At the end of “Waterloo,” Don had a vision of the dead Burt Cooper singing “The best things in life are free.” While this seemed an odd message from someone who had made so much money and used Ayn Rand as a guide for life, it gets us back to the way that we are oversaturated in meanings, in excess, in overproduction. These facts dull our senses and we crave meaning even when it’s not there. Don’s quick episode of sex with the waitress Di may have been meaningless; it certainly had a sense of compulsiveness about it, but it was clear that Don didn’t know what to make of it. Freud famously said that the finding of an object is, in fact, a reminding of it. But Freud was a master interpreter, and the show won’t let us have such an easy symbol.

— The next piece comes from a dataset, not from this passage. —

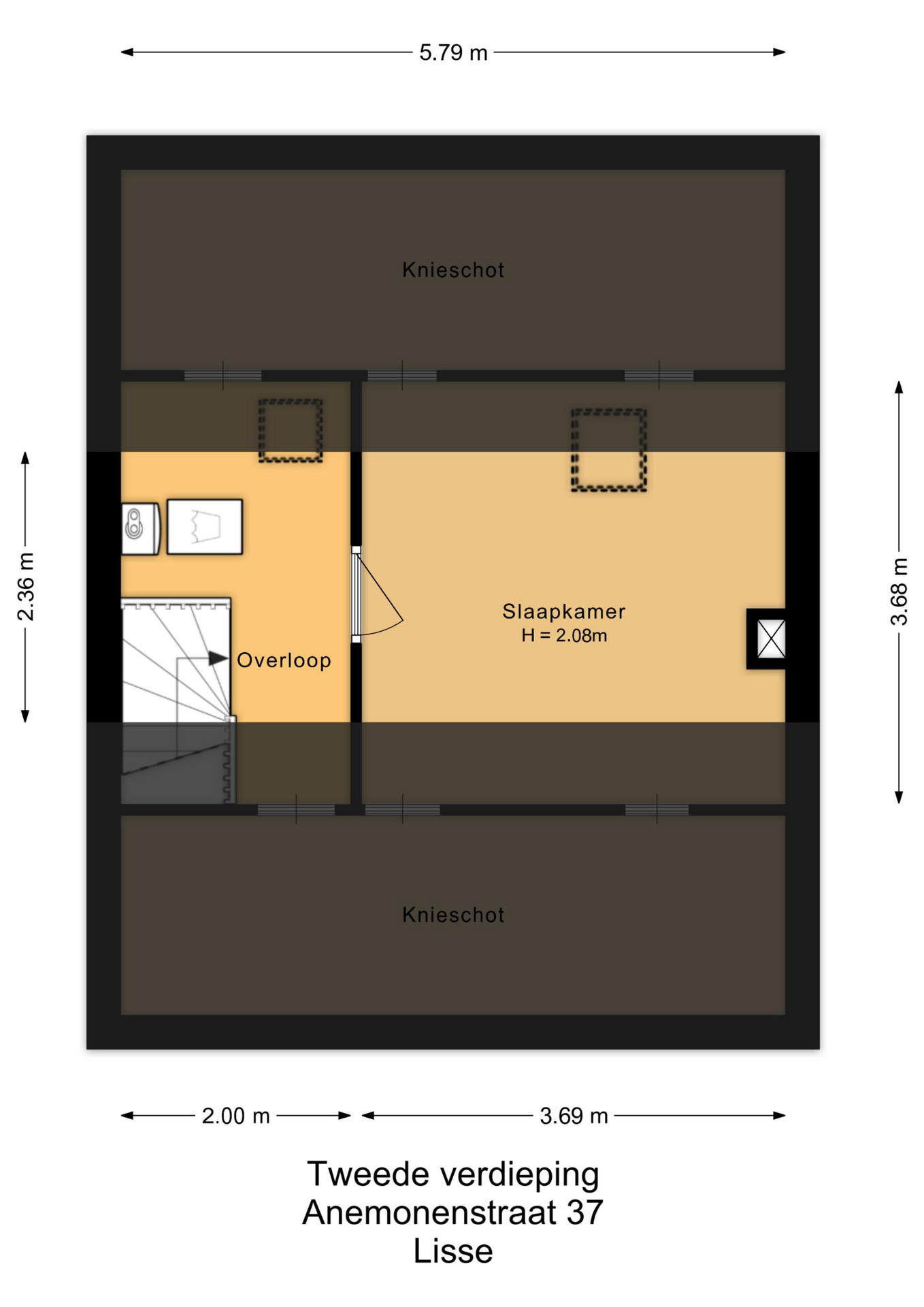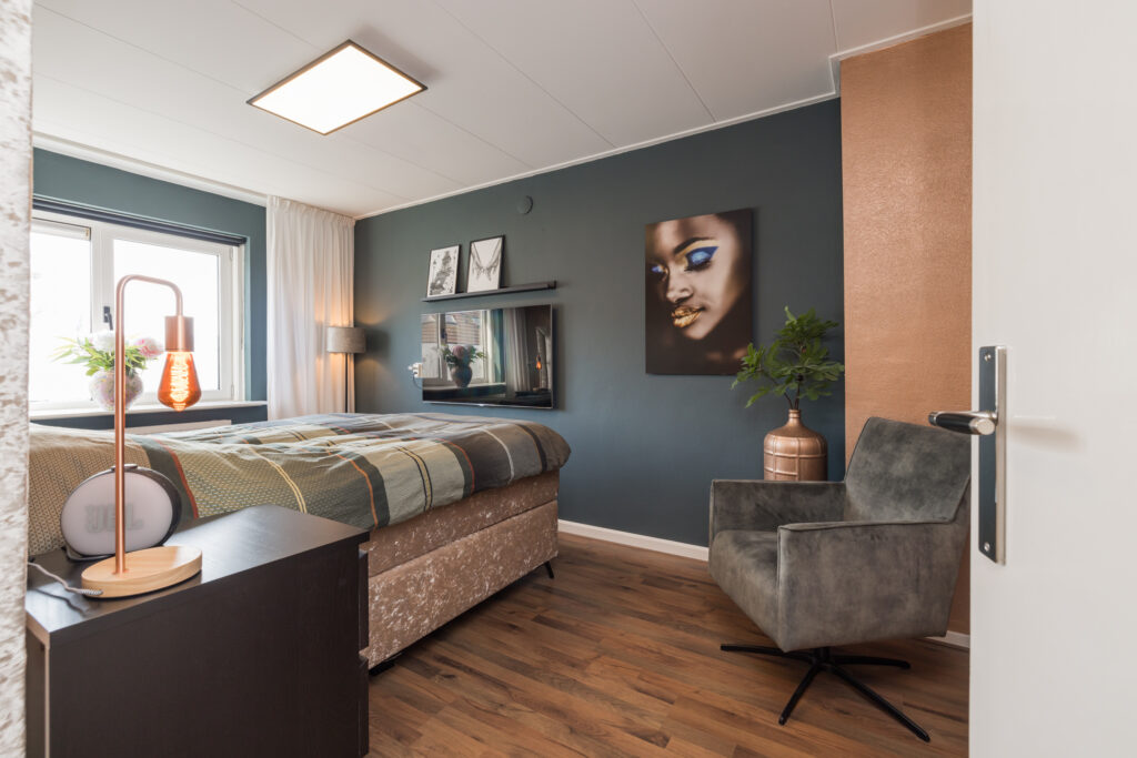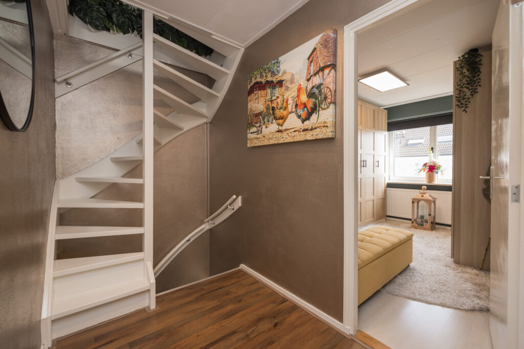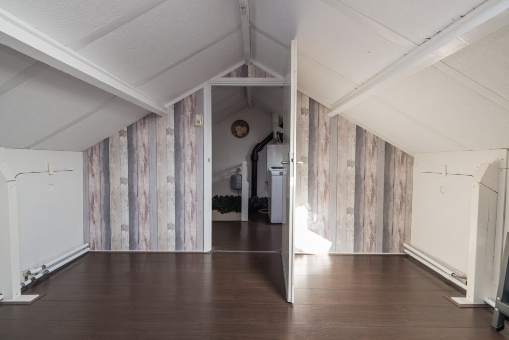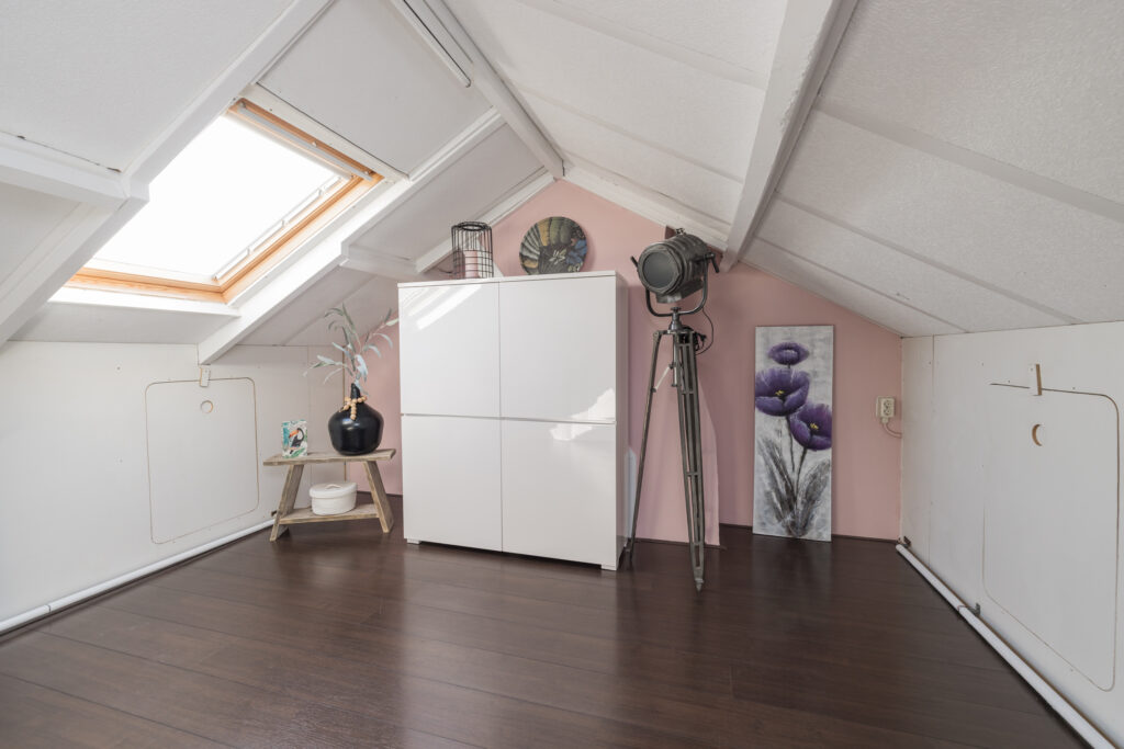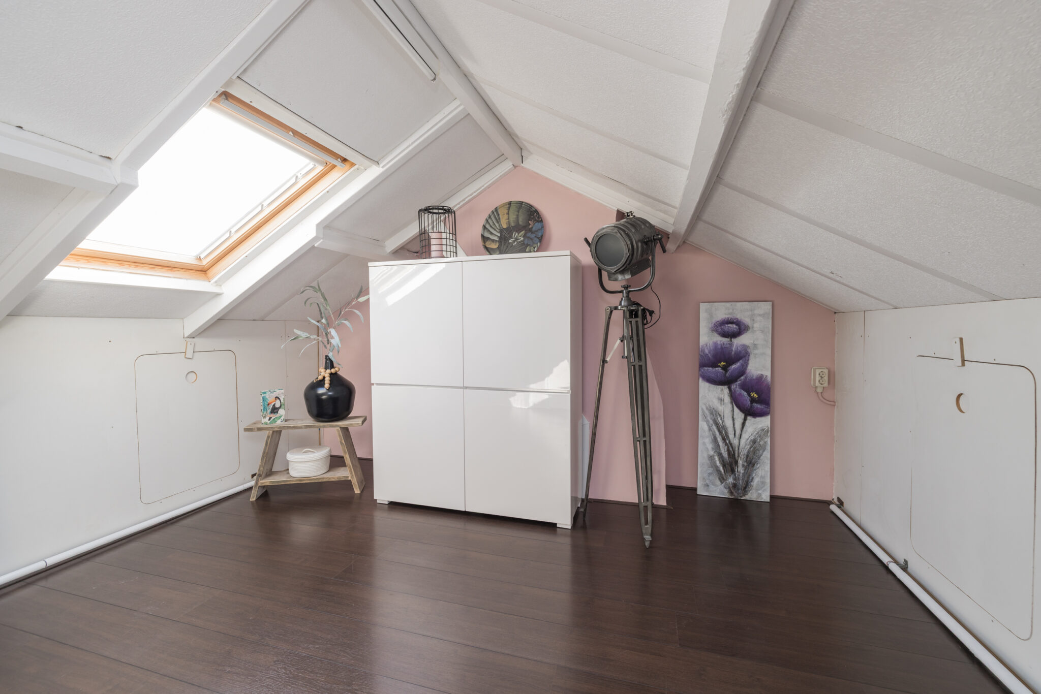 De tweede verdieping biedt een vierde slaapkamer, bereikbaar via een vaste trap. Een ideale plek als extra slaap- of werkkamer, met daarnaast extra bergruimte.

Two final notes about fakery in “Severance.” In the episode, Peggy meets a lawyer and decides, after a bit too much alcohol, that they should go to Paris since she’s never had a vacation. Alas, she can’t find her passport and so her immediate plans are thwarted, though she holds out hope that they will rendezvous again in the future. As she discusses this with a colleague the next morning, the only thing she can think of to say about Paris is that that’s where margarine was invented. And what is margarine, but fake butter? Even more interestingly, the actor who plays the lawyer is known to any TV fan as Devon Gummersall, a character in the excellent 1990s TV show “My So-Called Life.” So, a question to keep in mind as we watch the remaining six episodes: are any of these characters living lives? Is living a life a story we tell ourselves to give it a meaning it doesn’t have? To give it a content so that there is something real in our lives.

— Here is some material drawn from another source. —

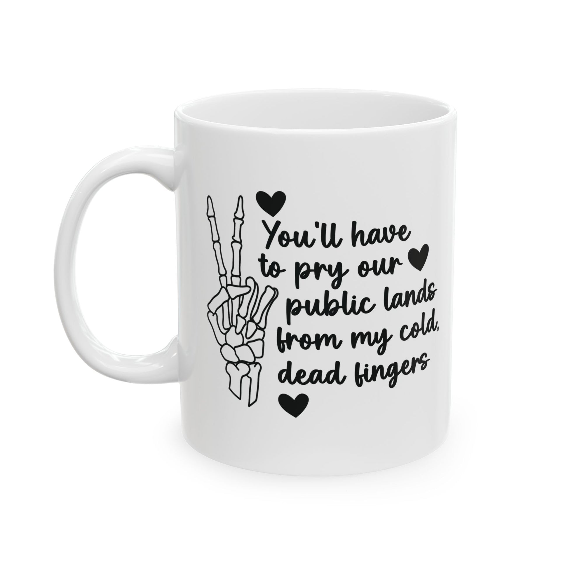 "You'll have to pry our public lands from my cold dead fingers" ceramic mug.

Peggy’s life, one in which she’s never had a vacation, can hardly be called a life, if the best things in life are free. But then we all know Don leads a fake life that’s double in more ways than I can enumerate here, but which this episode presses as a life of personal failure and professional success. But Don also knows that there is nothing more to love than what advertisers make of it, as he famously stated: “The reason you haven’t felt it is because it doesn’t exist. What you call love was invented by guys like me, to sell nylons. You’re born alone and you die alone and this world just drops a bunch of rules on top of you to make you forget those facts. But I never forget.” And that brings us full circle, back to the way that nylons (and now nylons in plastic) drive the plot of this episode, as Don’s inability to love and Peggy’s never not working remind us that our loss of sharpness in experience may mean that everything is what it seems.

Again, Burt Cooper may or may not be our guide here. In Don’s vision of him singing, “The Best Things in Life are Free,” he talks about the moon, the stars, flowers, robins singing, sunbeams shining. These are things that belong to everybody. The song closes, “And love can come to everyone / so we will always be/ the best things in life are free.” This is a striking counterpart to Don’s view of love and the way he experiences the world. Who’s right? Burt Cooper or Peggy Lee? What is all there is? For this episode, at least, we’ve been warned: “There’s a great future in plastics. Think about it. Will you think about it?”

James B. South is Associate Professor of Philosophy at Marquette University. He is the editor of the journal Philosophy and Theology. He edited Buffy the Vampire Slayer and Philosophy (2003) and co-edited James Bond and Philosophy (2006), Buffy Goes Dark (2009), Mad Men and Philosophy (2010) and Philosophy and Terry Pratchett (2014). In addition, he has written essays on movies, comic books, and popular music. He also has published extensively in late medieval and renaissance philosophy, where he focuses on 15th and 16th century Aristotelianism. James wants things he hasn’t seen—where’s that Hilton Hotel on the moon?